Data shown
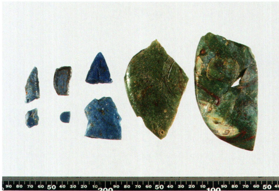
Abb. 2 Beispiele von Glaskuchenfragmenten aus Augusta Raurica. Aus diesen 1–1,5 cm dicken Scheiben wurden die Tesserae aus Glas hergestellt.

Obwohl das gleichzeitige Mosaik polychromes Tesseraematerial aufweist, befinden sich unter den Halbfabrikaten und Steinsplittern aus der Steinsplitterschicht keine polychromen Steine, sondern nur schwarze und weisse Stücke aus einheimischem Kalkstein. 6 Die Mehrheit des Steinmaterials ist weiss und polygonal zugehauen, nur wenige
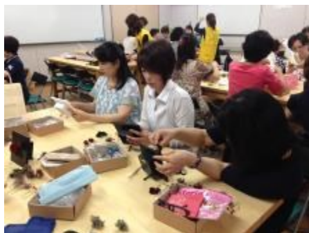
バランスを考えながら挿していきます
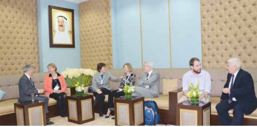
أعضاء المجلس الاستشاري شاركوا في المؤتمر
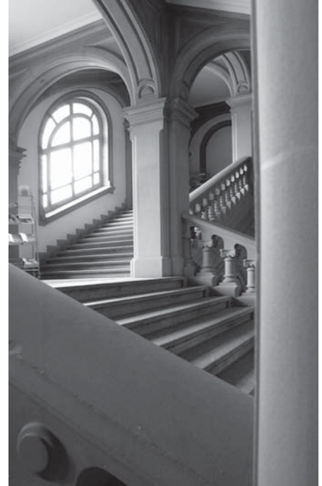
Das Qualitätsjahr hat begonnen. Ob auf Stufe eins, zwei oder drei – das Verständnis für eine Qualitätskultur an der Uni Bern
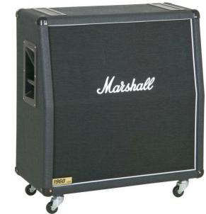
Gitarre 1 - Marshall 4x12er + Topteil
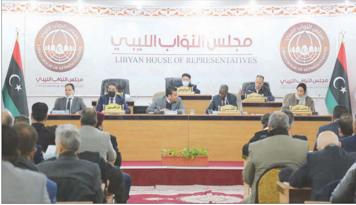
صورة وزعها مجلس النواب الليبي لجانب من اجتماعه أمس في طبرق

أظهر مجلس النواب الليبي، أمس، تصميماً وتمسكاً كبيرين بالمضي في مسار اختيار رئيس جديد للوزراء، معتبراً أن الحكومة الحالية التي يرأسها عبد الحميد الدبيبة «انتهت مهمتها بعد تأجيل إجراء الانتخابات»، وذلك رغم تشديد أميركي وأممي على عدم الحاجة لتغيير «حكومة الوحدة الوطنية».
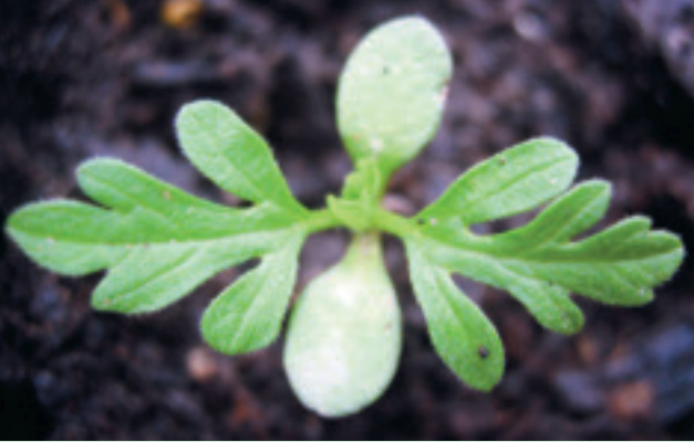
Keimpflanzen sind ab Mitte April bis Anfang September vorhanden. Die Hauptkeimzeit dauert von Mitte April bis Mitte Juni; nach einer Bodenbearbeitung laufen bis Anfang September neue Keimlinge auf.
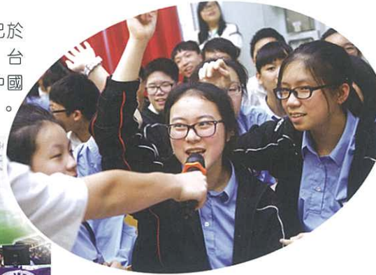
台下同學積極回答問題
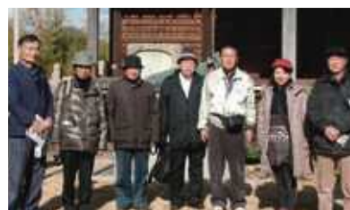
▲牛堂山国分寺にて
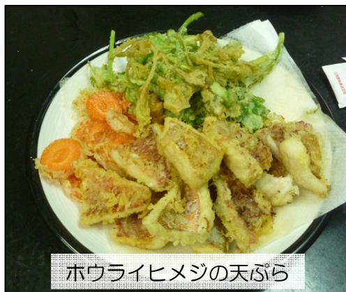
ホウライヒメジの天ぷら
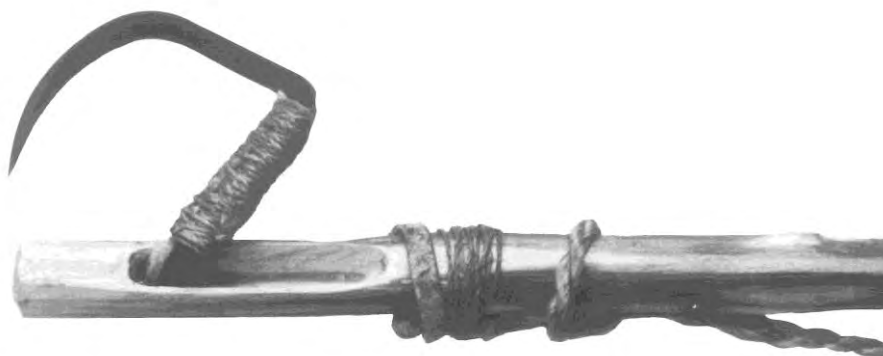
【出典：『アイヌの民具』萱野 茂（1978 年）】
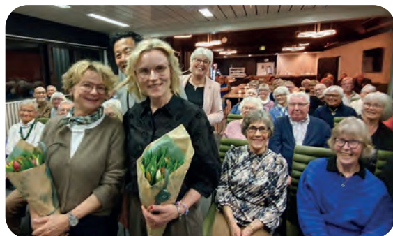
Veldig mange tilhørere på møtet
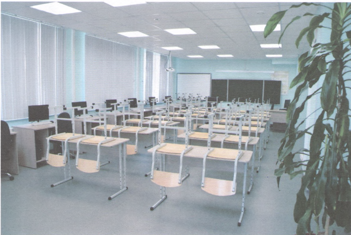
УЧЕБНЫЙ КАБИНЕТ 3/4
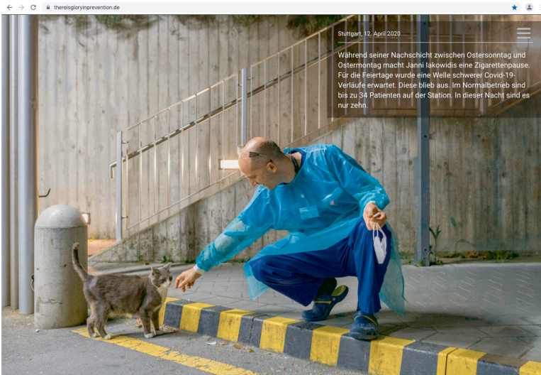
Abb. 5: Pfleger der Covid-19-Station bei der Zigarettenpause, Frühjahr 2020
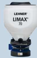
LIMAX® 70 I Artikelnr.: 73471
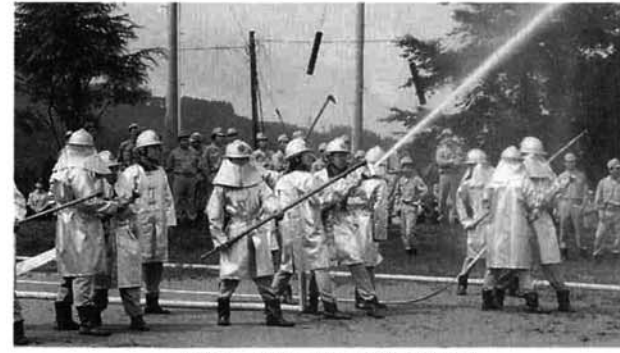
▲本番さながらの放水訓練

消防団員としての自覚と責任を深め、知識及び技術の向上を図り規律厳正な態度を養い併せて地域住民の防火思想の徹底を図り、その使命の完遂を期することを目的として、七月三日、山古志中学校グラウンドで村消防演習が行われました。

--

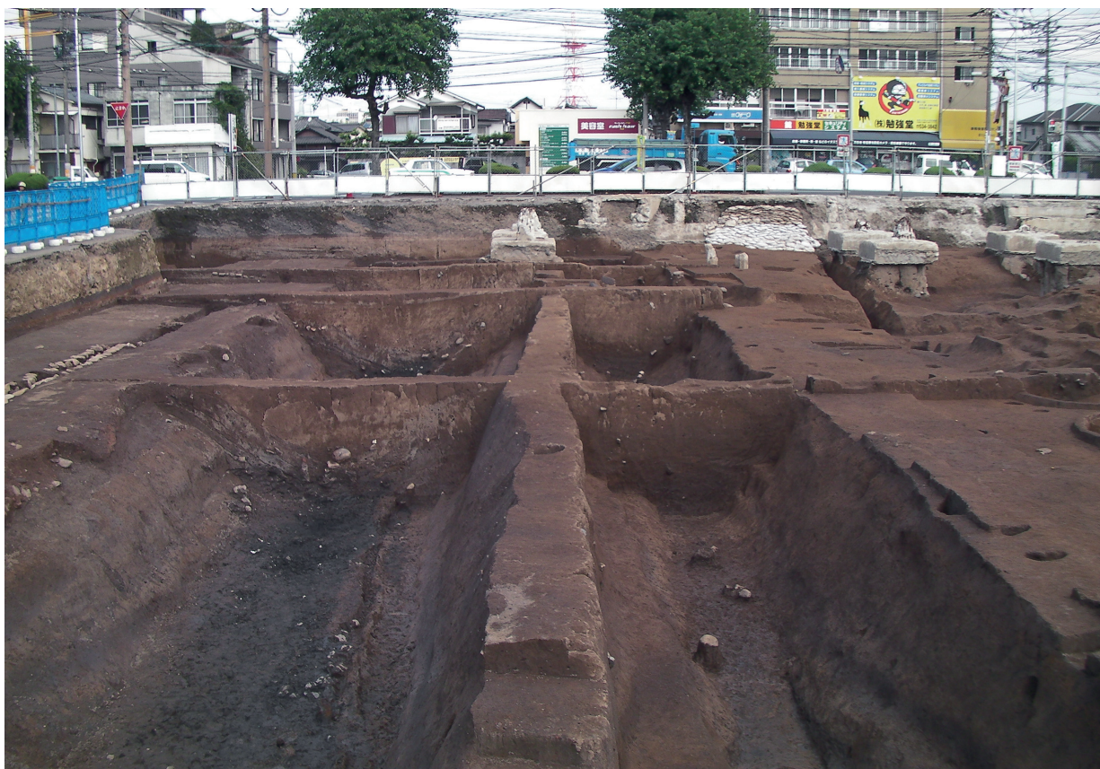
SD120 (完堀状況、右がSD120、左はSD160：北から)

About this task
Would you give the number of lines in this listing that include "الليبي"? Only the number, please.

Reply to the exercise
2